Citation:
Je fais suite à votre cours (très intéressant) d'hier sur Pirké Avot où vous expliquez le non divorce du Hazon Ich après 10 ans sans enfant, par la différence entre les mariages d'avant et ceux de la période plus moderne. Vous expliquez que depuis quelques générations les mariages sont marqués par plus d'attachement qu'avant.
C'est en effet ce dont nous avons parlé hier soir lors du zoom, et c'est bien formulé, 'hazak.
Citation:
Je vous soumets un paramètre qui, me semble-t-il, participe à ce phénomène.
La forte mortalité des temps anciens. Les gens mourraient à tout âge de maladie, les femmes souvent à l'accouchement, les guerres, pogroms, etc. Pour résister à ces épreuves, les gens développaient une acceptation du malheur, interprété comme une gézéra divine.
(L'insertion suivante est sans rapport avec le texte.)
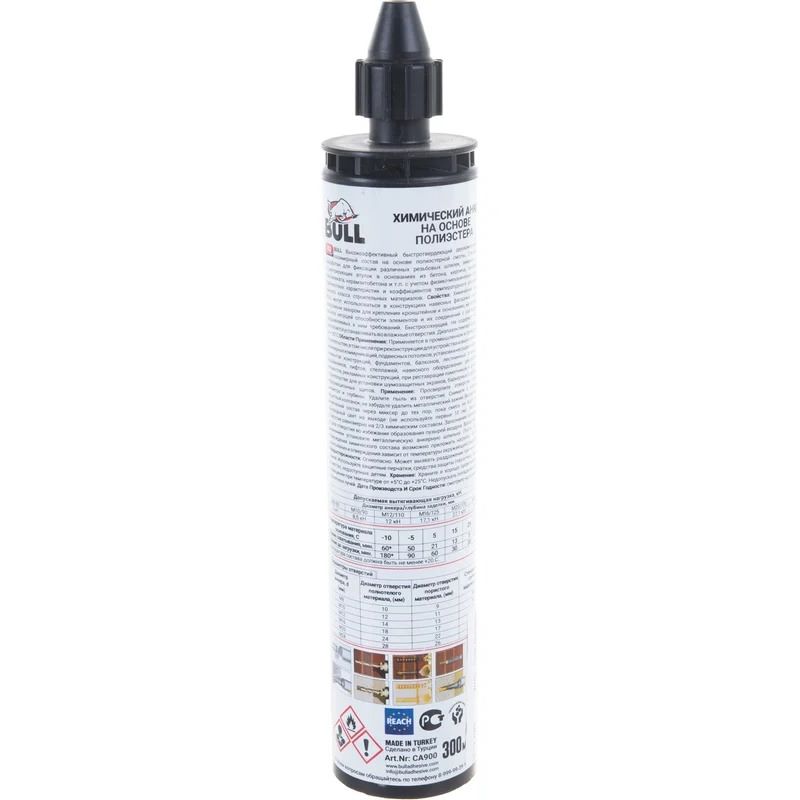 Химический анкер на основе полиэстера Bull CA900 300 мл CA900 предназначен для надежной фиксации шпилек, шурупов, анкеров, крюков, гильз и центрирующих втулок в бетоне, природном камне и кирпиче. Входящие в состав компоненты не требуют дополнительного смешивания.

Divorcer après 10 ans de stérilité en faisait partie.
Oui, vous avez raison, c’est un paramètre dont il faut aussi tenir compte, qui -d’une part s’ajoute à celui dont je parlais et d’autre part le renforce aussi, car même des mentalités promptes à s’attacher sentimentalement de manière plus conséquente, se sentaient refrénées par la réalité de l’époque qui ne permettait pas d’espérer une longue vie.
J’ai déjà parlé de ce phénomène plusieurs fois dans mes cours, il est aussi possible que je l’aie utilisé pour justifier le divorce après dix ans, je ne sais plus.
Je parlais déjà de ce
Avnei Nezer dans un cours sur la polygamie qui date de 2012 (voir ici :
https://www.centre-alef.fr/la-polygamie/ ) et j’expliquais à cette occasion la « facilité » qu’avaient les gens à divorcer, comme on peut le voir entre les lignes du Talmud.
Citation:
Il suffit de lire le journal de Glückel von Hameln, qui a vécu il y a près de 370 ans. Elle perd son mari, qu'elle aime, des enfants qu'elle aime, et accepte ces malheurs comme nous ne saurions pas le faire.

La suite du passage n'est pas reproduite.